A ces mots, le chevalier se pencha; mais il n'eut point le temps de rien voir, car il tomba du haut de son arbre dans le bassin, ce qui lui évita de se casser les reins, mais le tira du songe où il avait entendu Dieu le père lui parler. Et comme il était fort jeune, il fut content de n'être pas mort, malgré la belle réception qui semblait lui être destinée au Paradis, car les paroles du Créateur ne lui plaisaient qu'à demi, et pour lui, il demeurait fermement dans «l'illusion» d'aimer Ninon d'une flamme qui était héroïque, ou pure, ou tout ce qu'on voudra, mais d'une flamme qui le consumait et qui l'empêchait même de sentir qu'il était trempé de la tête aux pieds.
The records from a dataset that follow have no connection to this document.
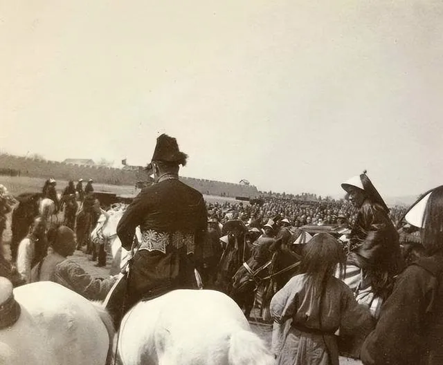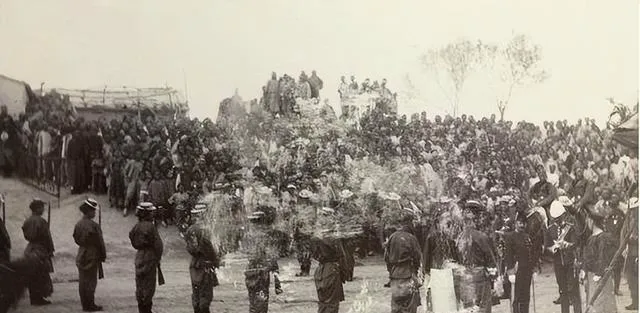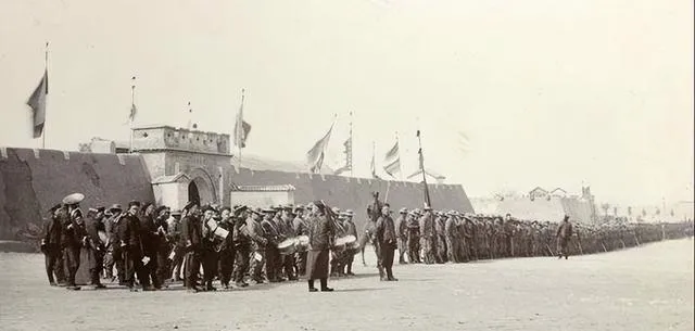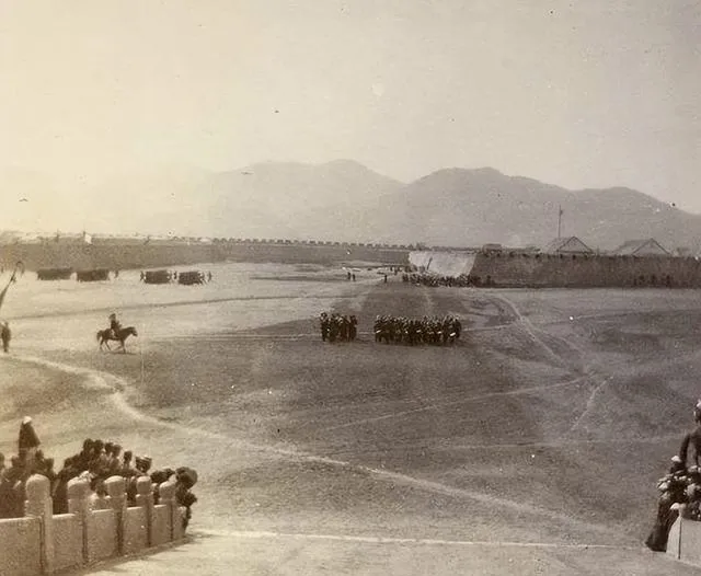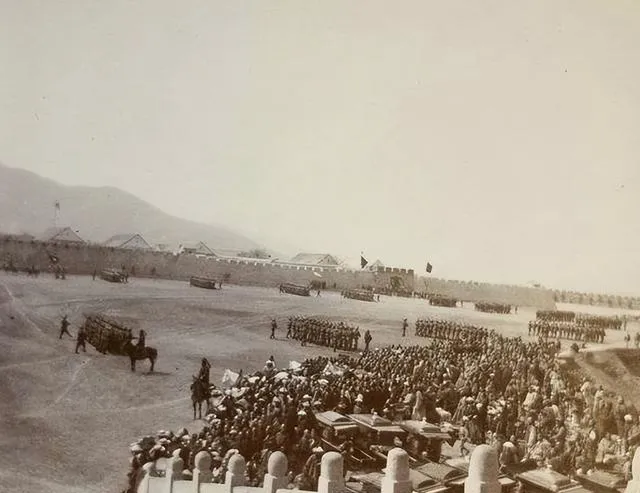 你要说这场面气派不气派,队伍整整齐齐,后头黄土岗子上堆着一大群人,黑压压像捧场,台下是清方兵丁,高顶帽、大袍子、腰间盘扣,各自站成一线,前排是些西式卫队,那种亮闪闪的肩章,屁股后头还别着长弯刀,这种新旧混搭的阵仗,光看阵型心里就有点当年的腔调,爷爷那会也说过,“西洋人来,咱们全镇都赶去看新鲜”。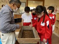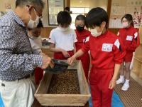 そして、やわらかい土のお布団を作って、種籾をまき、そっと土のお布団をかけました。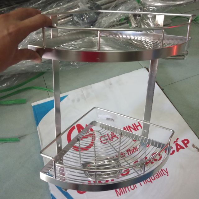kệ góc inox 304 nhà tắm đa năng kích thước 25x25cm. 2ngăn. 100% inox 304 đặc ruột loại dày cao cấp. inox 304 chống gỉ sắt. kệ đa năng có 2 móc dưới và 1 chén để xà bông cụ....vv...Giá YOU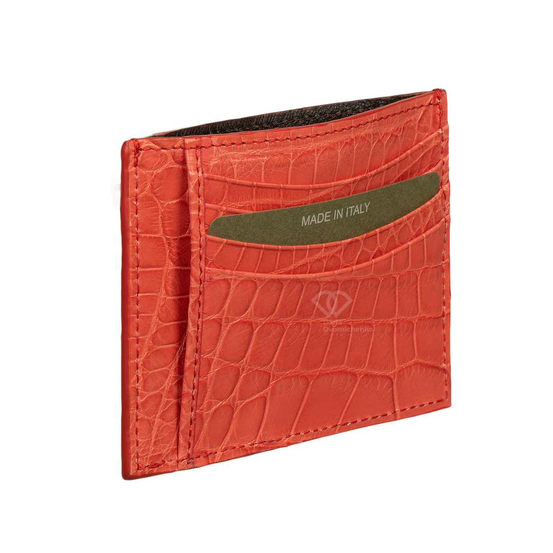 Компактный картхолдер Biagini выполнен из мягкой и при этом прочной крокодиловой кожи. Естественный фактурный рисунок чешуек, который делает каждый такой аксессуар уникальным, подчеркнули пигментами нескольких близких оттенков. Модель с четырьмя слотами для банковских карт (по две с каждой стороны) дополнили центральным карманом, где удобно хранить чеки. Идеальный аксессуар для тех, кто ценит минимализм, порядок и роскошные детали.Тонкий и плоский дизайн, который не утяжеляет карман и легко помещается в самые маленькие сумочки.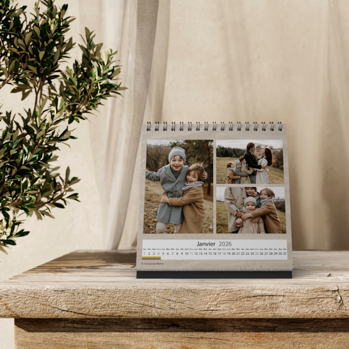 Pratique et compact votre calendrier se pose facilement sur votre bureau ou table de salon. Personnalisez ses 13 pages avec vos photos et textes pour en faire un objet unique, à votre image.

Il sourit donc encore à la vie, quelle qu'elle fût, et envoya de la main un baiser à Ninon qu'il savait n'être pas loin de là; puis il profita de ce qu'il était près de la statuette, pour l'enlacer et baiser la place où Ninon, un jour, avait posé ses lèvres.

Ce fut dans ce mouvement, et comme il interceptait de son corps le marbre, vis-à-vis de la lunette où Ninon épaulait son fusil, que le coup tiré par elle l'atteignit en plein cœur. Et il retomba, à demi dans l'eau, à demi sur les marches du socle de l'Amour.

Ninon, qui accourait avec Châteaubedeau par le plus court chemin, arriva au bassin presque aussitôt le malheur accompli, et elle vit ce jeune homme, les pieds baignant dans l'eau, et sa belle tête exsangue renversée sur la dure marche de pierre. Elle ne se pâma point, car elle avait de l'énergie dans les circonstances graves, ainsi qu'on l'a vu souvent; mais elle croyait avoir blessé un malandrin. Ce fut en s'inclinant à la margelle, dans une attitude inquiète et charmante qui eût rappelé à la vie le chevalier s'il l'eût pu voir, qu'elle reconnut la victime de sa chasse malheureuse. Et dans le temps qu'elle remettait le visage de Dieutegard,—presque pareil, quoique amaigri et flétri, à celui qu'il avait en ce lieu même, le jour où elle avait voulu d'abord le baiser sur la bouche, et puis se sentir appliquer tout à fait et vigoureusement contre lui,—le passé se représenta à sa courte mémoire de femme, et elle eut aussitôt une douleur aiguë et bien sincère qui lui arracha un cri déchirant.